### [Problem]
Leaving pictures out, repeat word for word the line that has "Heller Sommerblick auf" and each line that follows it to the end of the listing.

### [Data records]
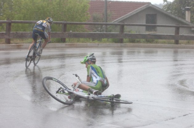 On the descent, Vincenzo Nibali (Astana) crashed. He remounted quickly and got back on. Sella crashed again, and the lead group caught him. Bradley Wiggins (Sky), who had already been dropped, crashed on the descent. He would lose more than a minute to his rivals. Paolini was dropped and Intxausti would take his jersey. Hansen would cruise to victory in the rain.
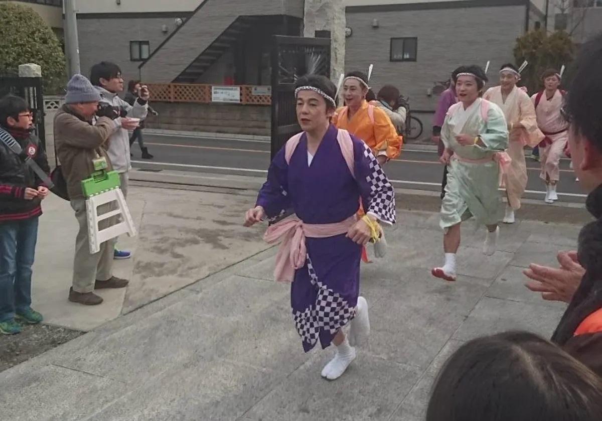 毎年2月、ちょうど東京マラソンと同時期に、東京江戸川区の東葛西を着物姿の青年たちが7時間かけて駆け巡るお祭りが開催されます。
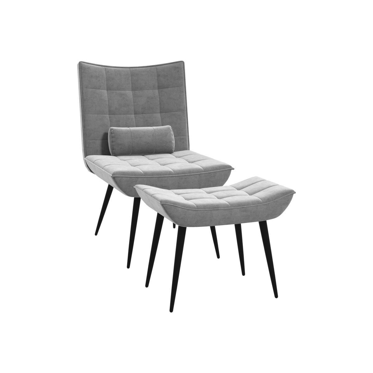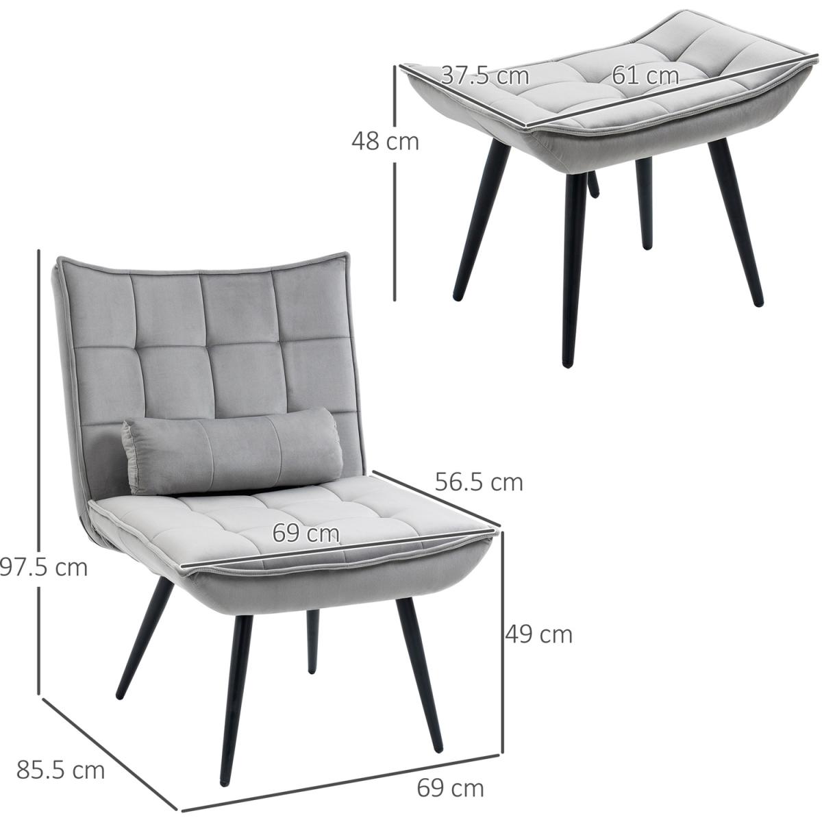 Use where Use this occasional chair and footstool set in your living room corners, guest bedroom and sunroom where you can unwind while enjoying cocktails, or as an extra chair at your next party... The options are endless... Crafted into a wide and curved seat and armless design, with thick padding and velvet feel upholstery for comfort whilst seated. Four steel legs in a black finish for extra strength and balance. Sit back and relax in this accent chair with ottoman from HOMCOM.
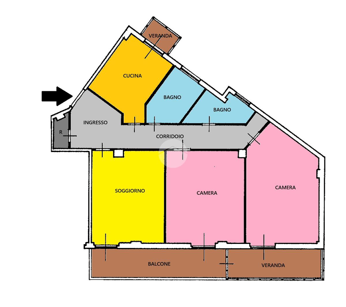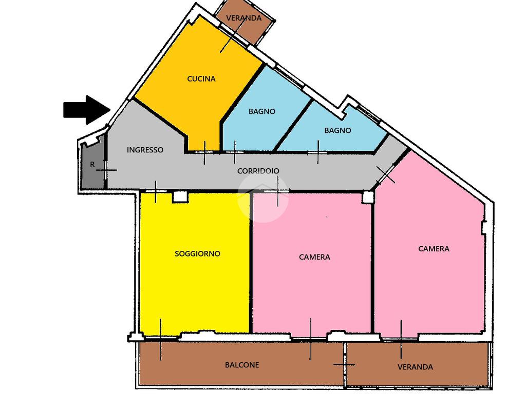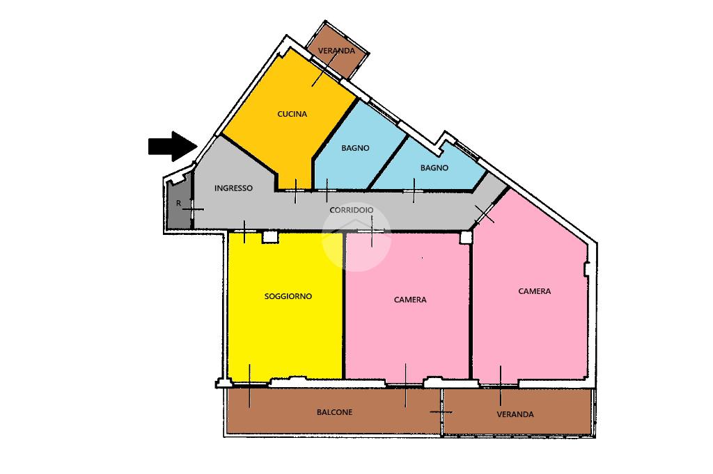 L'immobile è così composto: ampio ingresso, soggiorno, cucina abitabile, due camere da letto matrimoniali, doppi servizi con finestra, ripostiglio, balcone e due verande.
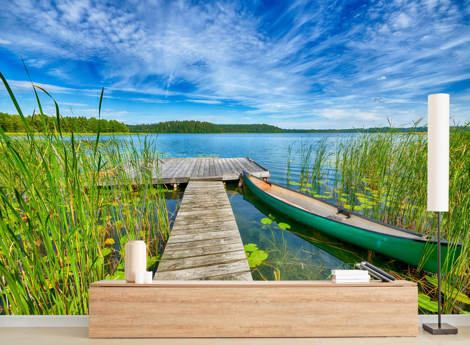 Heller Sommerblick auf einen ruhigen Masurensee mit Holzsteg und Kanu, ideal um natürliche Ruhe in Ihr Zuhause zu bringen.
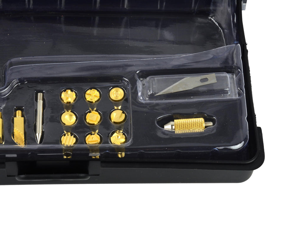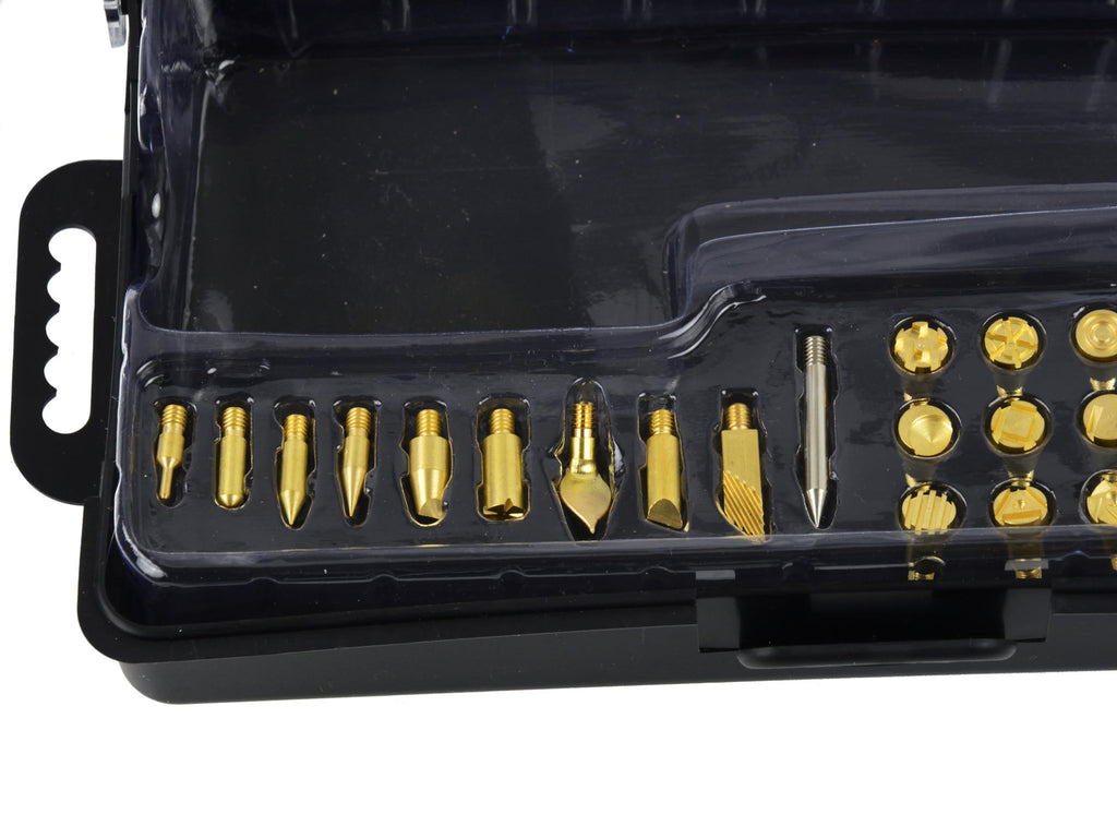 V kompletu je 22 različnih konic, pečatov, nožev in štampiljk za vžiganje. Uporablja se tudi kot rezalnik stiropora, kot spajkalnik manjše moči ali kot vroči nož za rezanje tkanin.
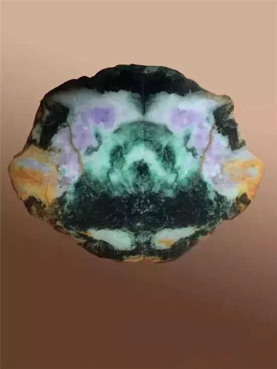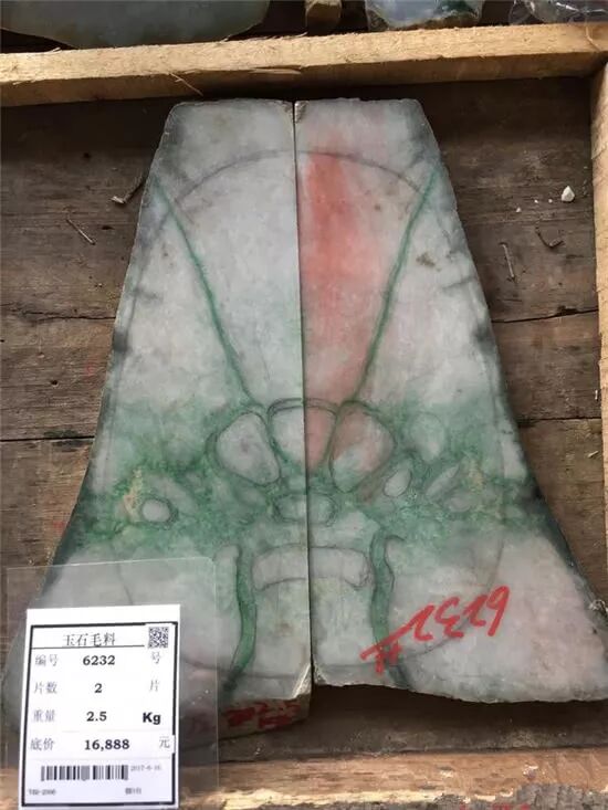 下面这块翡翠原料来自于今年6月23日的标场。主人一刀切开后,赌石种水十分一般,但发现左右两边的色带竟形成了神奇的图案。
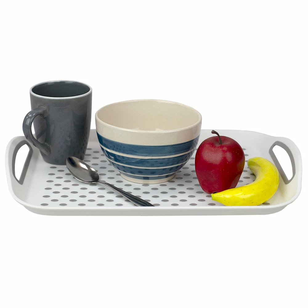 - Large, rectangle shape anti-slip serving tray keeps drinks and meals steadily in place

### [Answer below]
 Heller Sommerblick auf einen ruhigen Masurensee mit Holzsteg und Kanu, ideal um natürliche Ruhe in Ihr Zuhause zu bringen.
 V kompletu je 22 različnih konic, pečatov, nožev in štampiljk za vžiganje. Uporablja se tudi kot rezalnik stiropora, kot spajkalnik manjše moči ali kot vroči nož za rezanje tkanin.
 下面这块翡翠原料来自于今年6月23日的标场。主人一刀切开后,赌石种水十分一般,但发现左右两边的色带竟形成了神奇的图案。
 - Large, rectangle shape anti-slip serving tray keeps drinks and meals steadily in place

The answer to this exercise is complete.